77      Poiché essa sarebbe già stata assoggettata a dazi antidumping del 69,7% nel corso di tutta l’inchiesta di cui trattasi, che sarebbe durata più di due anni e mezzo, la ricorrente si sarebbe trovata nell’impossibilità di sviluppare la propria attività all’interno dell’Unione, il che avrebbe comportato conseguenze economiche molto gravi.

78      La Commissione contesta gli argomenti della ricorrente.

79      A tal proposito, si deve rilevare che, richiamandosi al regolamento di esecuzione 2015/2179, che avvia un riesame del regolamento di esecuzione (UE) n. 102/2012 del Consiglio, del 27 gennaio 2012, che istituisce un dazio antidumping definitivo sulle importazioni di cavi d’acciaio originari della Repubblica popolare cinese e dell’Ucraina, esteso alle importazioni di cavi d’acciaio spediti dal Marocco, dalla Moldova e dalla Repubblica di Corea, anche se non dichiarati originari di tali paesi, successivamente ad un riesame in vista della scadenza a norma dell’articolo 11, paragrafo 2, del regolamento di base e che chiude il procedimento di riesame in vista della scadenza relativo alle importazioni di cavi d’acciaio originari del Sud Africa a norma dell’articolo 11, paragrafo 2, del regolamento di base (GU 2012, L 36, pag. 1), la ricorrente deduce di essere stata discriminata rispetto al produttore-esportatore coreano oggetto di tale procedimento. Essa sostiene, in sostanza, che, contrariamente a quanto avvenuto nel procedimento che ha condotto all’adozione di detto regolamento di apertura, il procedimento sfociato nell’adozione della decisione impugnata non è stato reso pubblico mediante un avviso di apertura, che perfino le parti interessate non ne sono state informate, che l’inchiesta in questione ha avuto una durata eccessiva, che essa non ha beneficiato di una sospensione dei dazi antidumping in vigore per la durata dell’inchiesta e che il grado di prova che essa doveva fornire era più elevato.

80      Secondo costante giurisprudenza, il rispetto dei principi di eguaglianza e di non discriminazione richiede che situazioni paragonabili non siano trattate in maniera diversa e che situazioni diverse non siano trattate in maniera uguale, a meno che tale trattamento non sia obiettivamente giustificato (v. sentenza del 13 dicembre 2007, Asda Stores, C‑372/06, EU:C:2007:787, punto 62 e giurisprudenza ivi citata).

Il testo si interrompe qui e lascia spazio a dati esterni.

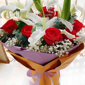 红玫瑰11朵,2枝多头白百合,绿叶,白色满天星;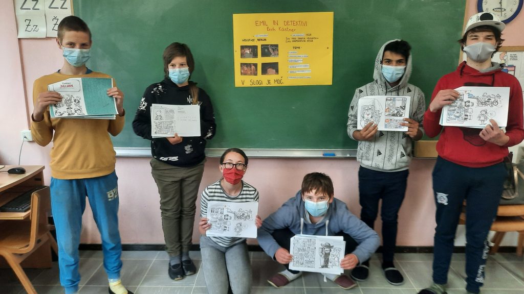 6. in 7. razred smo si po kratkem uvodu predstavo najprej pogledali, potem pa izvajali različne dejavnosti. Pogovorili smo se o pisatelju, kraju in času dogajanja in različnih temah, ki so se zvrstile v predstavi: o revščini, odnosu med mamo in sinom, prijateljstvu in sodelovanju, o kraji, o komunikaciji nekoč in danes in še nekaterih drugih. Nato smo vadili v detektivski vadnici in reševali detektivski test, ter vsi pridobili naziv – detektivski vajenec 1. reda.

81      Orbene, come sostenuto dalla Commissione, le situazioni che caratterizzano le due cause comparate dalla ricorrente sono differenti, cosicché non è possibile ravvisare una discriminazione.

82      Infatti, in primo luogo, la ricorrente ha chiesto il riconoscimento dello status di nuovo produttore-esportatore di cui all’articolo 3 del regolamento definitivo. Per contro, il produttore-esportatore coreano cui si richiama la ricorrente ha chiesto di essere incluso nell’elenco dei produttori-esportatori che beneficiano dell’esenzione dal pagamento del dazio antidumping esteso alle importazioni del prodotto de quo operate dalla Repubblica di Corea, ai sensi dell’articolo 13, paragrafo 4, quinto comma, del regolamento di base (divenuto articolo 13, paragrafo 4, quinto comma, del regolamento 2016/1036), che rinvia, ai fini dell’applicazione di tale paragrafo, all’articolo 11, paragrafo 4, del regolamento di base, per quanto riguarda le imprese che abbiano chiesto l’esenzione dei dazi antidumping a seguito dell’adozione di un regolamento di estensione dei dazi antidumping. Orbene, nel contesto di tale procedura, non è sufficiente dimostrare la sussistenza delle condizioni di cui all’articolo 11, paragrafo 4, del regolamento di base. L’impresa interessata deve inoltre dimostrare, conformemente all’articolo 13, paragrafo 4, terzo comma, del regolamento di base (divenuto articolo 13, paragrafo 4, del regolamento 2016/1036), di non aver posto in essere pratiche di elusione. È, peraltro, questo il motivo per cui i considerando 6 e 8 del regolamento di esecuzione 2015/2179 precisano che il produttore-esportatore coreano ha fornito elementi di prova sufficienti, che dimostrano, prima facie, che questi non aveva eluso le misure applicabili al prodotto in esame in tale causa. La portata di questo tipo di inchiesta è pertanto più ampia di quella dell’inchiesta prevista dall’articolo 3 del regolamento definitivo.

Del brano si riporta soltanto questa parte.